Surgical treatment may be recommended if the cyst does not show any signs of healing or if the bone is thought to have a high risk of fracture. There are three main types of surgical treatment:

  • steroid injections - where fluid is drained out of the cyst before steroid medication is injected into it; several injections may be required a few months apart to help ensure the cyst fully heals
  • bone marrow injections - similar to steroid injections, but the surgeon injects bone marrow that has been removed from another part of the body to encourage the cyst to heal
  • curettage and bone grafting - where the surgeon cuts into the bone, drains the cyst, and scrapes out the lining of the cyst; the resulting hole is then usually filled with chips of bone from another part of the body or a donor

All three techniques are carried out under general anaesthetic, which means that you or your child will be asleep during the surgery and will not feel any pain. Most people can go home later the same day, although you may need to take things easy for a few months while you recover.
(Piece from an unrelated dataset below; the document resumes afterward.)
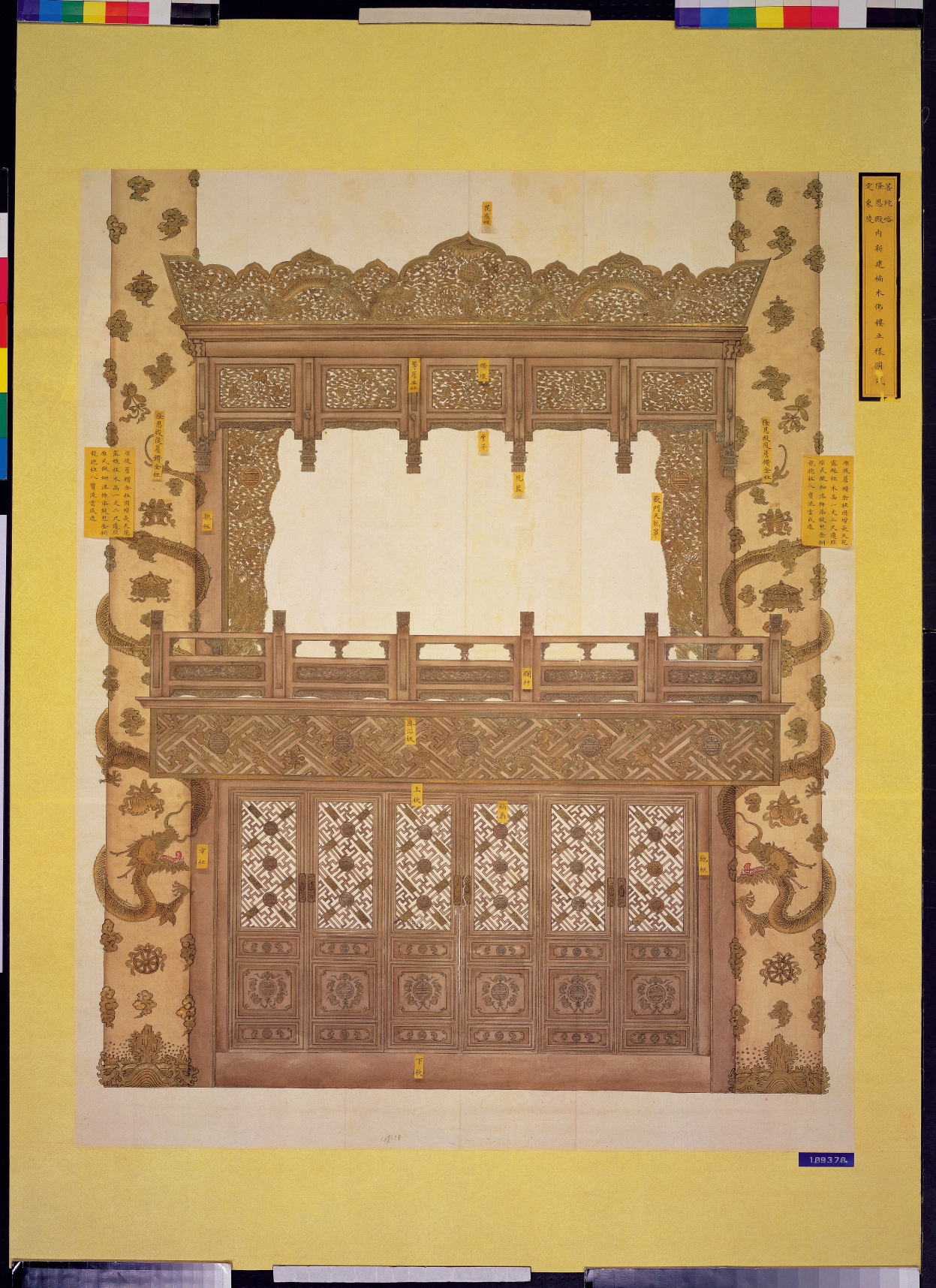 文物名稱原為〈普陀峪隆恩殿定東陵內新建楠木佛樓立樣圖式〉,是屬於軍機處奏摺錄副〈奏為遵旨恭修佛樓敬擬做法繪圖貼說並請欽派大臣勘估錢糧以應工需摺〉(故機190315)的附圖之一。普陀峪定東陵,是慈禧太后死後陵墓。始建於同治十二年(1873),勵光緒朝繼續修繕擴建,耗銀超過200餘萬兩。工程規模之大、用料之考究與富麗程度,僅次於清高宗乾隆皇帝裕陵。宣統元年(1909)10月初3日,慈禧太后正式入葬地宮後,同年11月隆恩殿東暖閣又動工興建佛樓。此圖即當時東陵守護大臣等人描繪的建築圖式。圖內佛樓分上下兩層,左右兩根柱子設計雕縷兩條盤龍,威嚴壯觀。以龍圖騰裝飾女性太后佛樓的設計,這是清代絕無僅有的例子。而從其建築圖式及繪製技法,精巧絕妙,極有可能是清宮著名的雷氏家族「樣式雷」設計圖樣之一。

In some cases, unicameral bone cysts can return after treatment, usually within a year or two. Therefore, it's likely that you or your child will have regular X-rays to assess the condition of the affected bone and check for signs of the cyst recurring.

Aneurysmal bone cysts

Aneurysmal bone cysts usually need to be treated because they don't tend to get better on their own and they can get bigger rapidly. In many cases, simple treatment such as carrying out a biopsy of the cyst will start the healing process.

If this does not work, they are treated using curettage and sometimes with bone grafting, as described above.

In some cases, additional treatments such as a procedure to block the blood supply to the blood vessels near the cyst (embolisation) or to freeze and damage the tissue of the cyst using liquid nitrogen may also be carried out.

Like unicameral bone cysts, aneurysmal bone cysts may sometimes come back after treatment. This usually happens within 18 months, if it's going to.